Мне восемь лет. Живой отец ковыляет по комнате, пристукивая пол деревянной чушкой ноги. Война покорежила, укоротила его тело, но духом он бодр и свиреп.
— Что ты трясешься над ним, мать? — гулко он изрекает, превращая комнату в бочку. — Взрослый мужик. Сам все должен делать. Ишь лежит, лыбится, совиная морда. Отступись от него, мать!
Комната в Замоскворечье, на первом этаже сырого кирпичного дома. У отца — пенсия, мать работает на заводе, кем — мне неинтересно. (Позже запомнил — кладовщицей.) Отец — герой, разведчик, офицер, три ордена в ящике комода. Пятый год после войны. Отец улыбчив, беспечален, усы его пахнут дымом, он ходил в поиск, выкручивал руки фашистским гадам, брал их в плен, стрелял, столовым ножом, почти не целясь, попадал в кружок на двери. Каждое его слово — гром, каждое движение — атака, неважно, что костыли, неважно, что глуховат и сер лицом. Тлен не может коснуться моего отца, он сильнее всех, никто не догадывается, что жить ему осталось всего–то около года.
А потом он упадет на пороге, головой о косяк, на пол, мертвый. Это еще не скоро. Я люблю его.

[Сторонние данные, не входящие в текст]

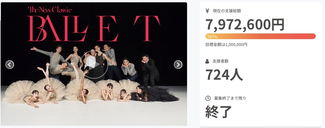 たくさんのご支援と応援をいただき、堀内將平くん、「BALLET TheNewClassic」制作チーム、クラウドファンディング制作チーム、共々感謝の気持ちでいっぱいです。
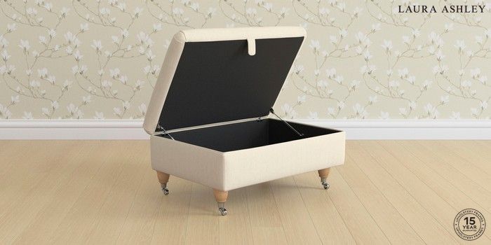 7.3.8 Buy Ambersham by Laura Ashley Storage Footstool Wooton Natural Low Chrome Castor - Light Oak from the Next UK online shop
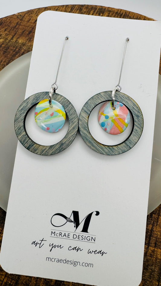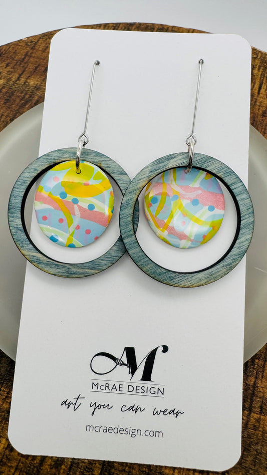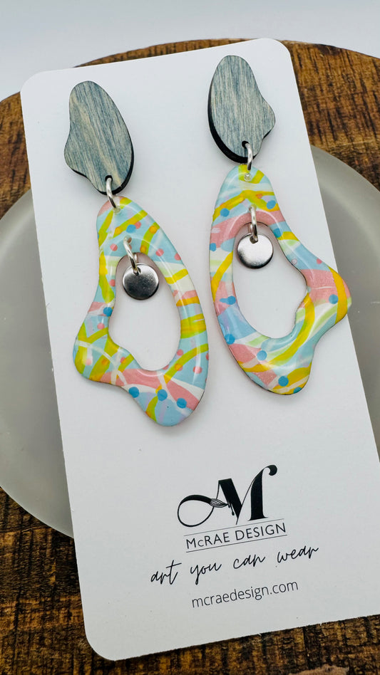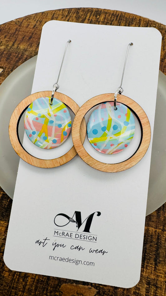 Each pair in the Fade Into You collection begins as an original painting — layered brushstrokes on paper in pale Carolina blue, metallic pastel pink, and subtle hints of yellow. Fine white lines and tiny blue dots weave through the compositions like memory traces, each one preserved under a glassy resin finish.
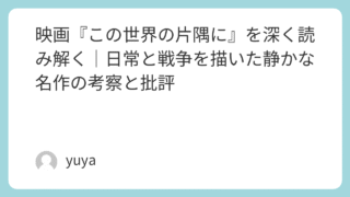 映画『この世界の片隅に』を深く読み解く|日常と戦争を描いた静かな名作の考察と批評 2016年に公開されたアニメ映画『この世界の片隅に』は、多くの観客の心に深い印象を残しました。原作はこうの史代による同名漫画で、片渕須直監督が丁寧に映像化した本作は、戦時下の広島・呉に生きる一人の女性「すず」の視点から、当時の暮らしや人々の... 2025.09.21 Uncategorized
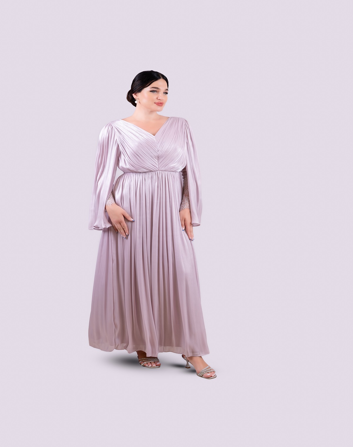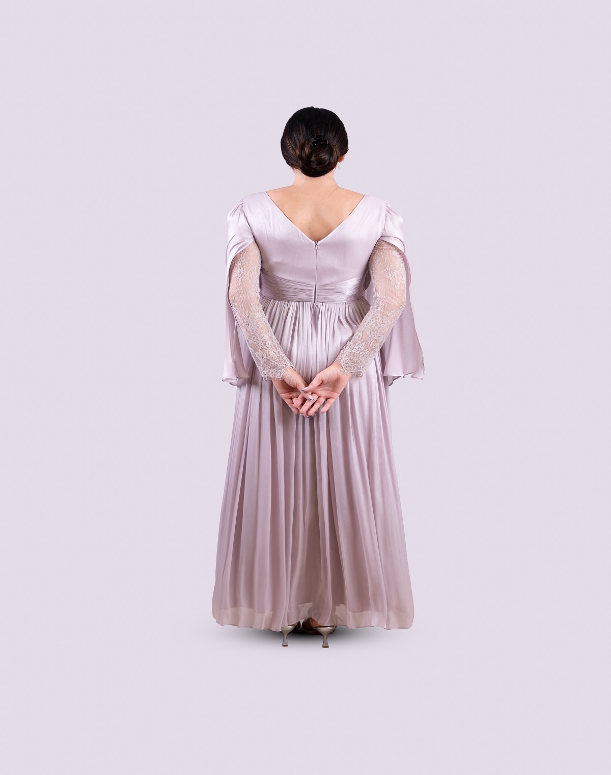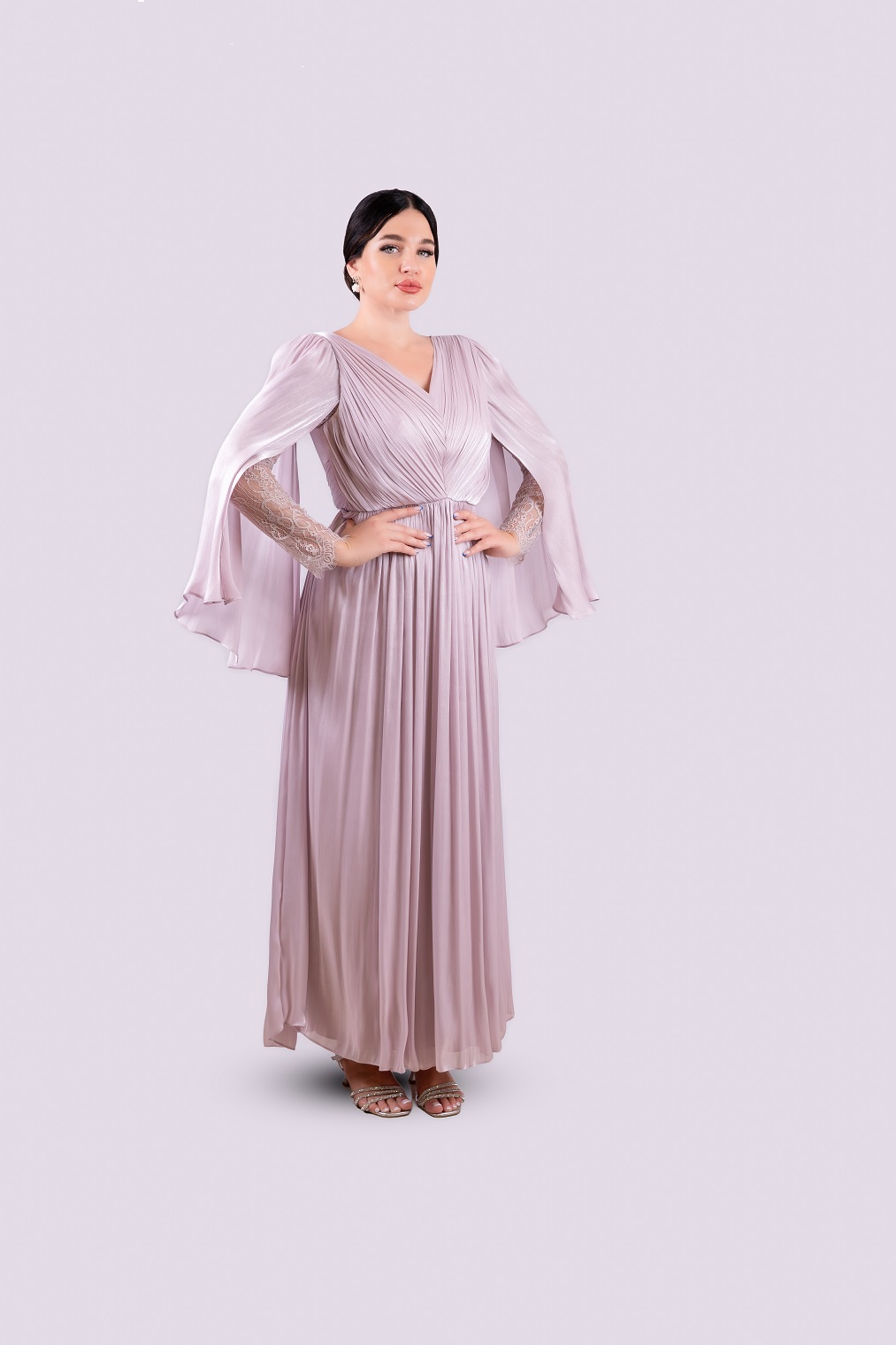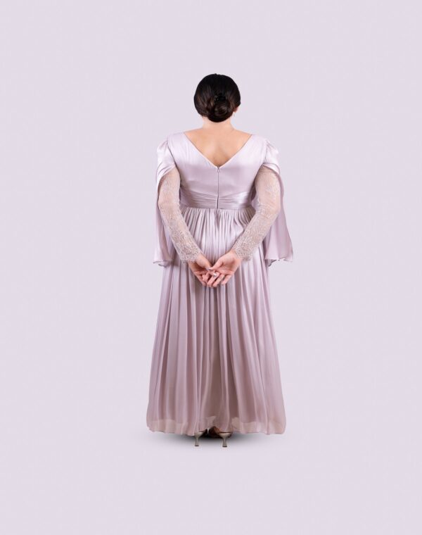 A gracefully pleated gown in a soft rosie hue, defined by its dramatic open sleeves with a delicate lace interior.
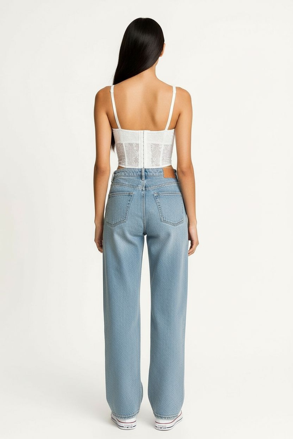 Jeans de tiro medio con cinco bolsillos, cierre frontal con botón y cremallera, bordado decorativo, ajuste recto, terminado en bajo
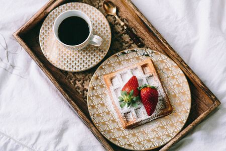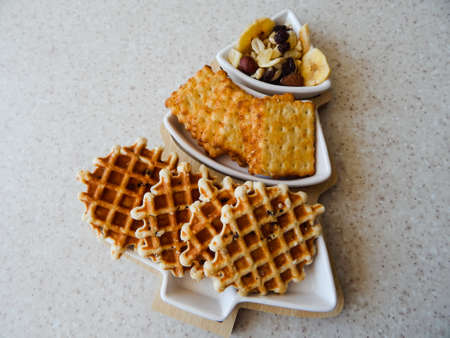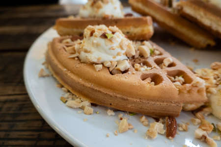 delicious waffle on a dish at wooden desk
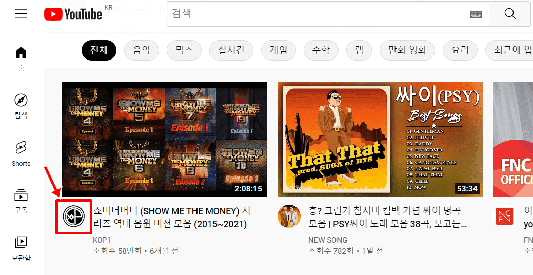 1. PC 유튜브 사이트에서 차단하고 싶은 채널을 클릭합니다.
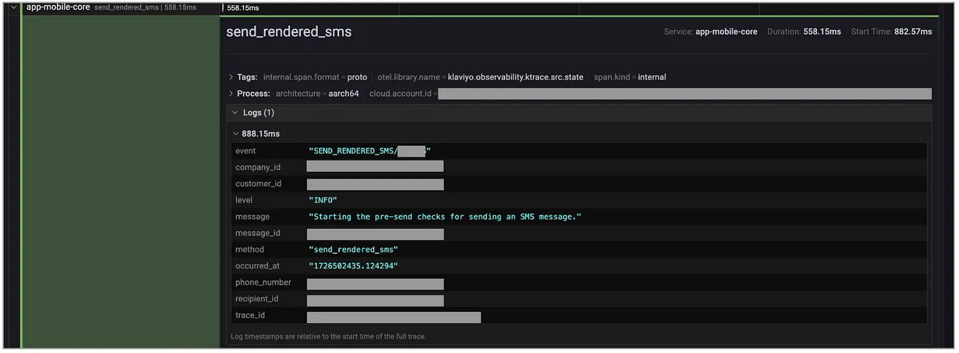 我们在关联日志和事件时遇到了一些挑战,这些日志和事件在一个系统中使用特定标识符记录,但当这些事件跨越不同系统时,这些标识符往往无法一致地传递下去。例如,一个系统用 batch_id 标识一批特定的短信,而另一个系统则会用 transmission_id 记录相同的批次,但不会留下 batch_id 的记录。
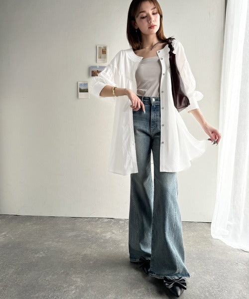 その日の気分に合わせてデニムやフレアパンツを合わせてもOK◎
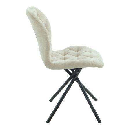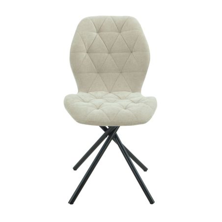 Lot de 4 chaises pivotantes en tissu déperlant beige avec piqûres décoratives losanges - NOLYA.
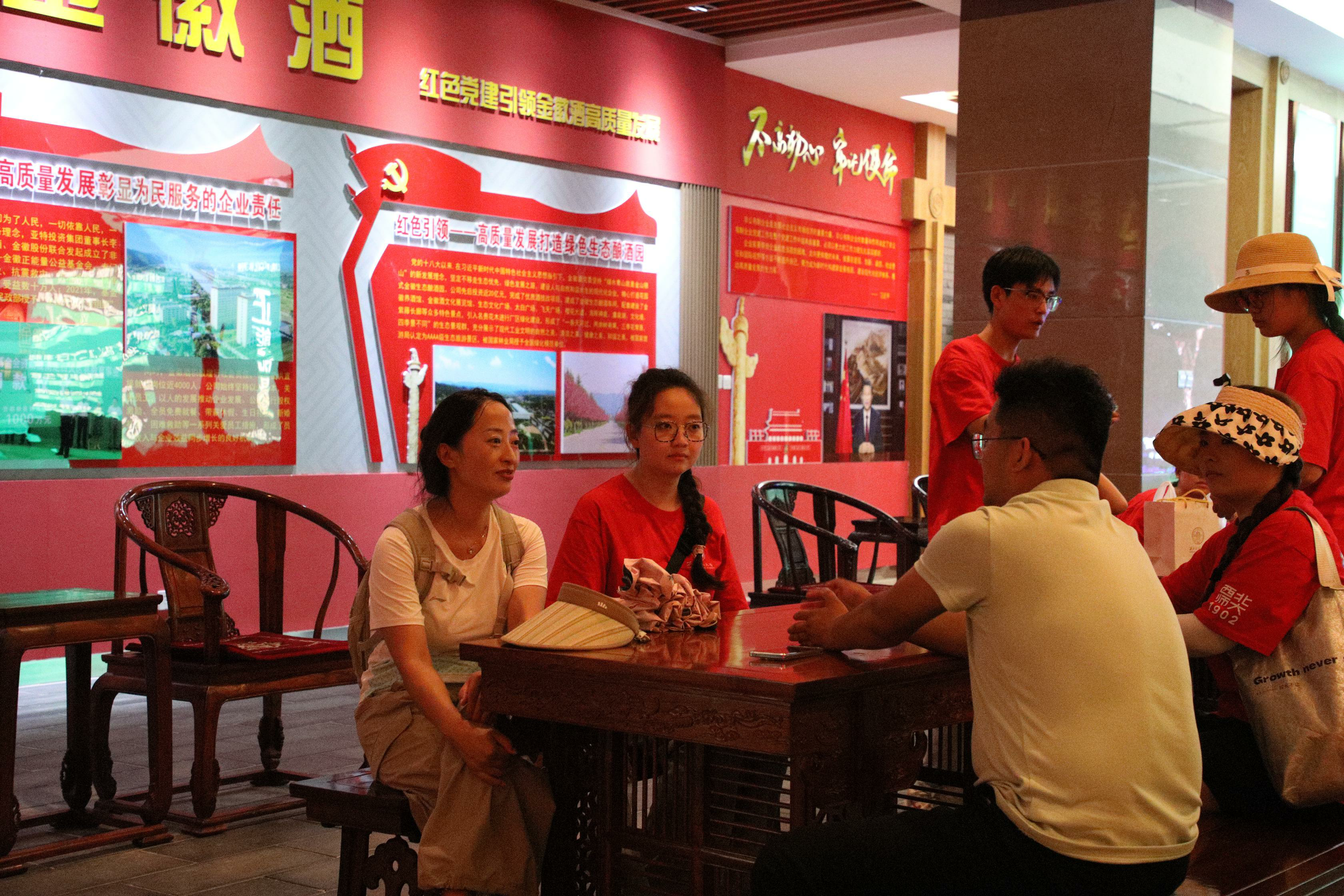 在酒文化展览馆中,讲解员带领实践团成员们追溯金徽酒的发展脉络:从依托徽县独特生态环境起步,到引入“三低三长”传统工艺筑牢品质根基,再到以数字化系统实现生产智能化升级,都体现着“立足实际、开拓创新”的智慧。这种在传承中突破的历程,恰似长征路上“实事求是、灵活应变”的战略思维,为企业持续发展注入动力。
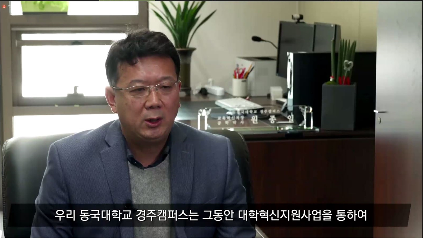 <온라인을 통해 인사말을 하고 있는 원종일 동국대 경주캠퍼스 교육혁신처장>
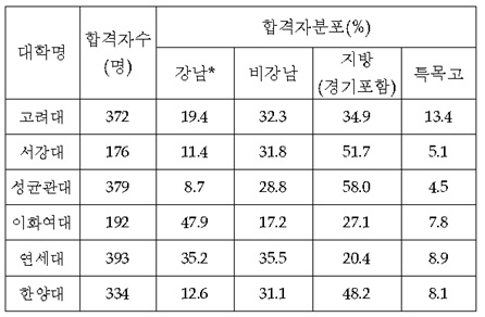 ÀÌ °á°ú 3°³ ´ëÇÐÀÇ ¼¿ï °³²±Ç ÇÕ°ÝÀÚ ºñÀ²Àº ÀÌÈ¿©´ë 36.1%°¡ °¡Àå ³ô¾ÒÀ¸¸ç, ¿¬¼¼´ë 35.3%, °í·Á´ë 18.2% µîÀ¸·Î ÇÔ²² ½ÇÅÂÁ¶»ç¸¦ ¹ÞÀº ´Ù¸¥ 3°³ ´ëÇÐ(8.3~12.6%)º¸´Ù ¿ùµîÈ÷ ³ô¾Ò´Ù.
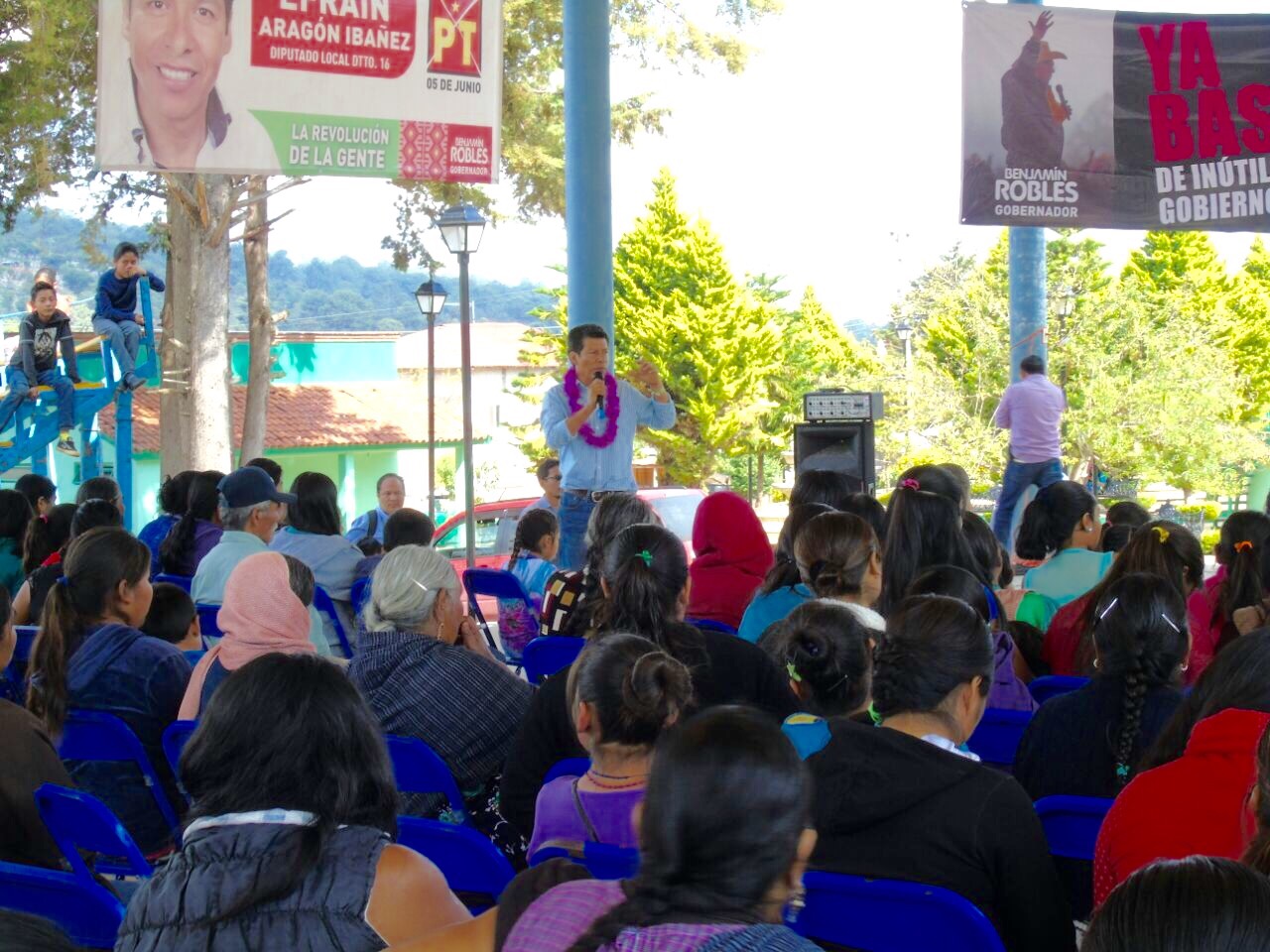 Por su parte, la contadora Maribel Martínez Ruíz, esposa de Benjamín Robles Montoya, candidato a titular del ejecutivo estatal, quien acompañó a Efraín Aragón en el inicio de campaña, señaló, que llegó el momento de poner en marcha el Hospital de Santa María Lachixio, que desde años se encuentra en obra negra y carece de medicamentos para atender debidamente a mujeres que paceden los traslados a San Pablo Huixtepec o Tlacolula para recibir atención, así también compartió el plan de gobierno de Robles Montoya.
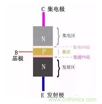 NPN型三極管結構示意圖
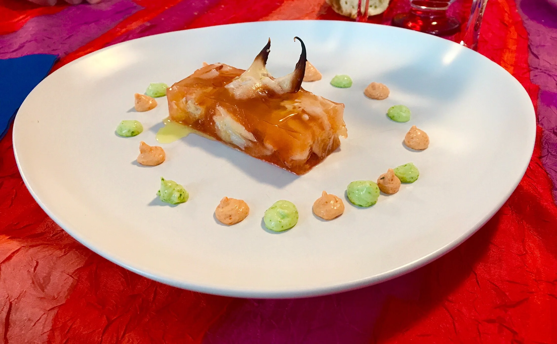 Tourteau de Roscoff en gelée d’eau de tomate verte Green Zebra, “mayo” infusée estragon et corail d’Eric Frechon*** - 9/10

Никогда он пальцем меня не тронул, хотя и бывало за что. Не мог он, одолевший много раз кровавого врага, выползший из последнего боя без ноги и с дыркой под сердцем, не мог больше поднять руку на человека. Разучился.
Дома у нас — уют, запах лекарств, желтый абажур под низким потолком и всегда — голос отца, глаза отца, сон отца, кашель отца, смех отца. Надо же, всего через несколько месяцев — головой о косяк, на пол, мертвый. Врач сказал: несчастный случай, а мог бы еще прожить года два. Никто не виноват.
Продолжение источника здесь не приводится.